Cross-disciplinary Curiosity An italian architect - Massimiliano Fuksas - once said in an interview that if his source of inspiration had been limited to architecture alone, he may well have simply spent his time creating poor copies and re-hashed designs of buildings constructed in the past, albeit with new materials.




#NoSnob When Leonard Bernstein heard someone applauding at the wrong point during a concert (thereby committing the worst of all offences in the world of classical music!) rather than displaying the snob’s approach that sees culture confined within its elitist boundaries, he instead cried out: “at long last, we’ve got someone new in the audience!”.

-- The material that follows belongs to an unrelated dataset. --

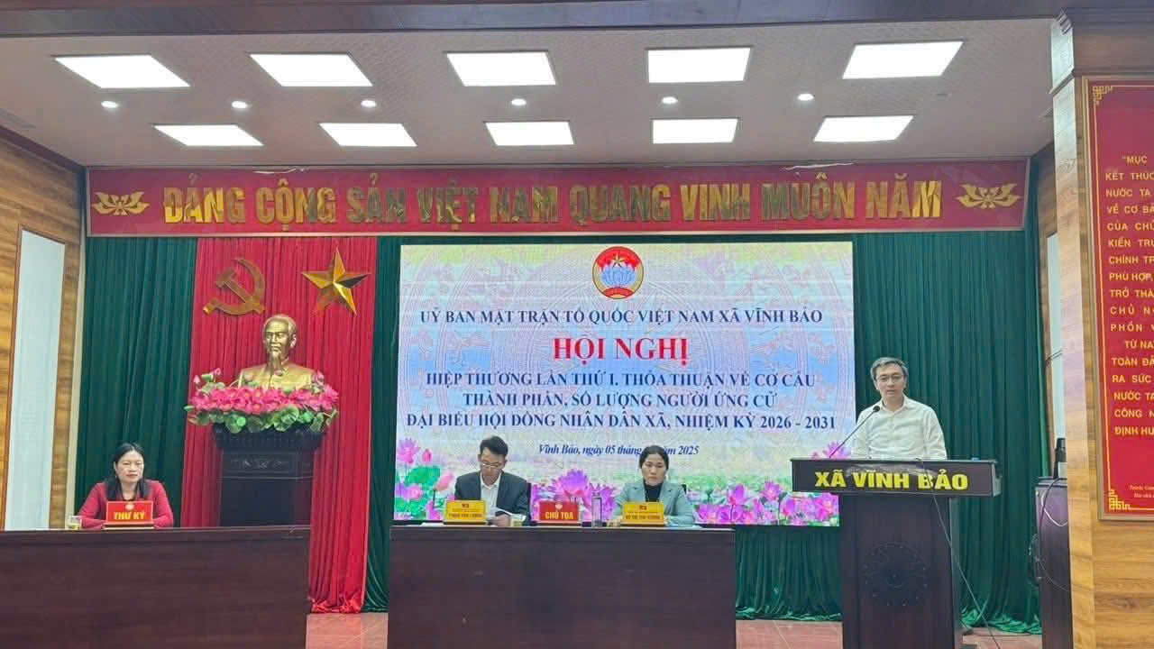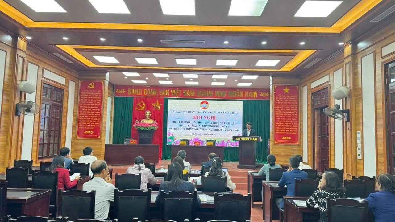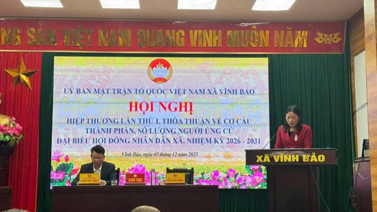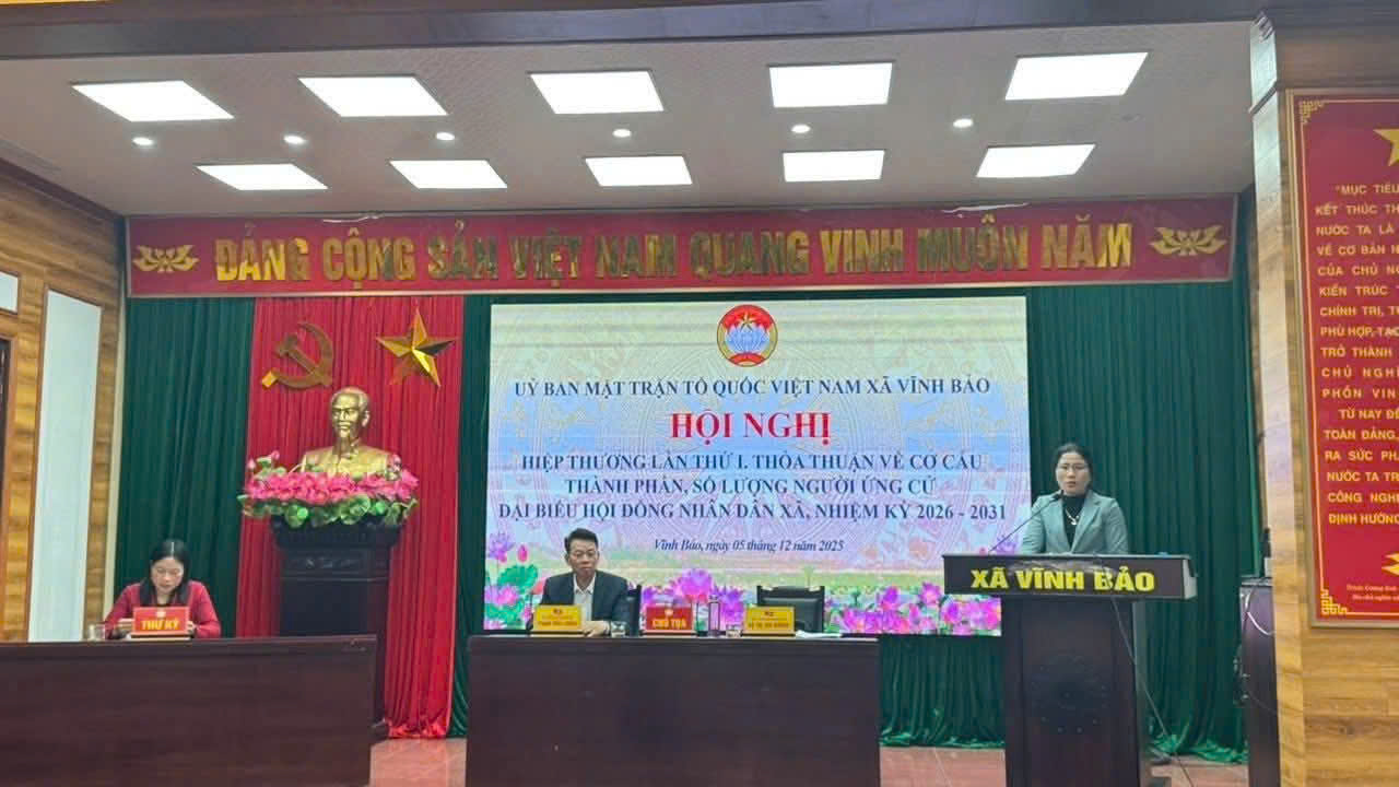 Sáng ngày 05/12, tại Hội trường Đảng ủy xã Vĩnh Bảo, Ủy ban MTTQ Việt Nam xã Vĩnh Bảo đã tổ chức Hội nghị hiệp thương lần thứ Nhất nhằm thỏa thuận về cơ cấu, thành phần và số lượng những người được giới thiệu ứng cử đại biểu Hội đồng nhân dân xã nhiệm kỳ 2026-2031.

#Innovation Imagine what the world would be like if the innovative and openminded approach shown by Sykes and the crossdisciplinary and cultural curiosity like that demonstrated by Fuksas were encouraged on a regular basis by receiving the warm welcome offered like Bernstein’s! Culture would no longer be regarded as an end in itself, but as a never-ending source of life-enriching opportunities and experiences that our creativity could combine and re-combine in order to produce quality ideas and useful solutions.



#Luxury



#Vision This is the vision behind VENUS Gallery: a platform (not just a magazine) contributing to unveiling that beauty is the tip of a huge (cultural) iceberg which has the potential to become an engine for the economy, society and innovation.